This workflow should identify duplicate instances based on the following comparisons:
OCLC Match
ISBN Match
ISSN Match
LCCN Match
Call Number Match
The output of this workflow should be a report in the following format:
This is closely followed excluding the Match in the column headers and call number column will not be included. Additional columns comparing title and author have been added as well.
OCLC Match
[x] 1. The OCLC numbers will need to be normalized.
[x] a. Only treat values with the (OCLoC) prefix as an OCLC number. Ignore all fields lacking this prefix.
[x] b. All non numerical characters shoud be removed.
[x] c. Trim all leading 0s
[x] 2. A Normalized OCLC number is considered to be a match when:
[x] a. The Normalized OCLC number from the field:035 ord:1 sf:a of the source record matches the Normalized OCLC number from the field:035 ord:1 sf:a of the target record
[x] b. The Normalized OCLC number from the field:035 ord:1 sf:a of the source record matches any of the Normalized OCLC numbers within the field:035 sf:z fields of the target record.
[x] c. The srs_marctab table should be used for this comparison
ISBN Match
[x] 1. The ISBN will need to be normalized as follows:
[x] a. Trim everything after and including the first white space
[x] b. Take the last 10 characters
[x] c. Of those last 10 characters, remove the last character
[x] 2. The Normalized ISBN of the source instance is considered a match if it is identical to the Normalized ISBN of the target instance.

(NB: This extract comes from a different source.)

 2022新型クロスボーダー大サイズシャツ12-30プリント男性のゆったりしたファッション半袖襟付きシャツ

[x] 3. The instance_identifiers table should be used for this comparison
ISSN Match
[x] 1. The ISSNs do not need to be normalized
[ ] 2. The ISSN is considered to be a match when the field:022 ord:0 sf:a or the source instance is identical the field:022 ord:0 sf:a of the target record.

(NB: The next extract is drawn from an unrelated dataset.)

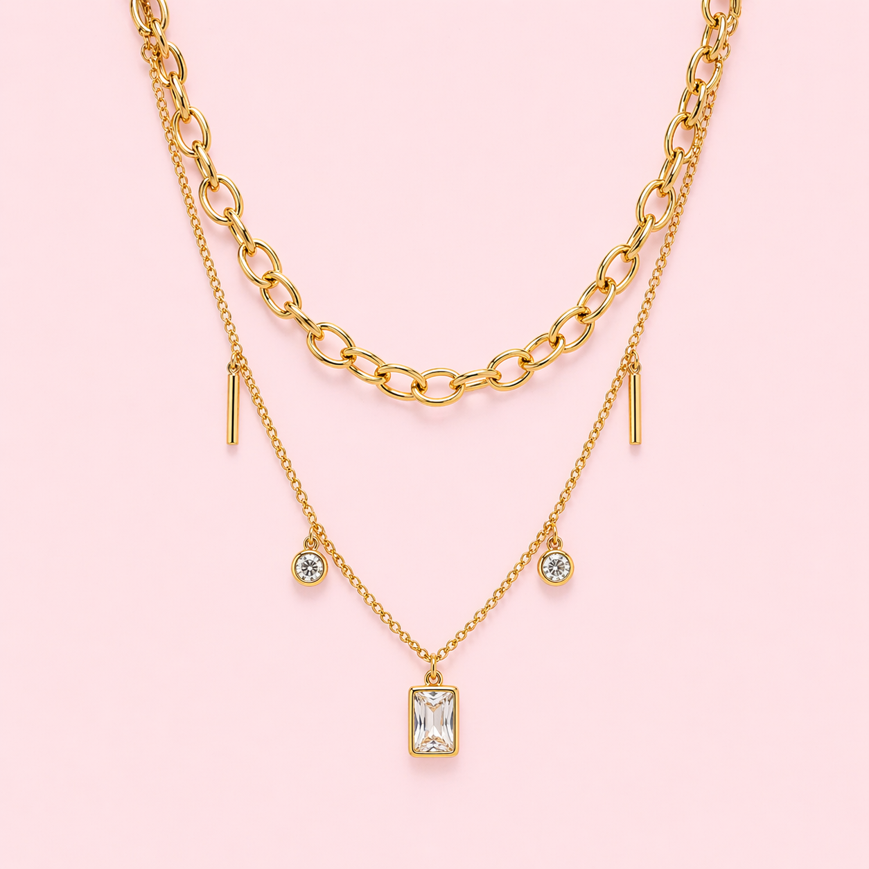 Ce collier double rang associe une chaîne à maillons larges et une chaîne fine ornée de pendentifs brillants, dont une pierre centrale rectangulaire. Un équilibre parfait entre modernité et élégance.

[x] 3. The srs_marctab table should be used for this comparison
LCCN Match
[x] 1. The LCCN's do not need to be normalized
[x] 2. The LCCN is considered to be a match if the source LCCN is identical to the target LCCN
[x] 3. The instance_identifiers table should be used for this comparison
Call Number Match
[ ] 1. The call numbers do not need to be normalized
[ ] 2. An source instance is considered to match a target instance if any of the source instance's holding's call numbers match any of the target instance's holding's call numbers.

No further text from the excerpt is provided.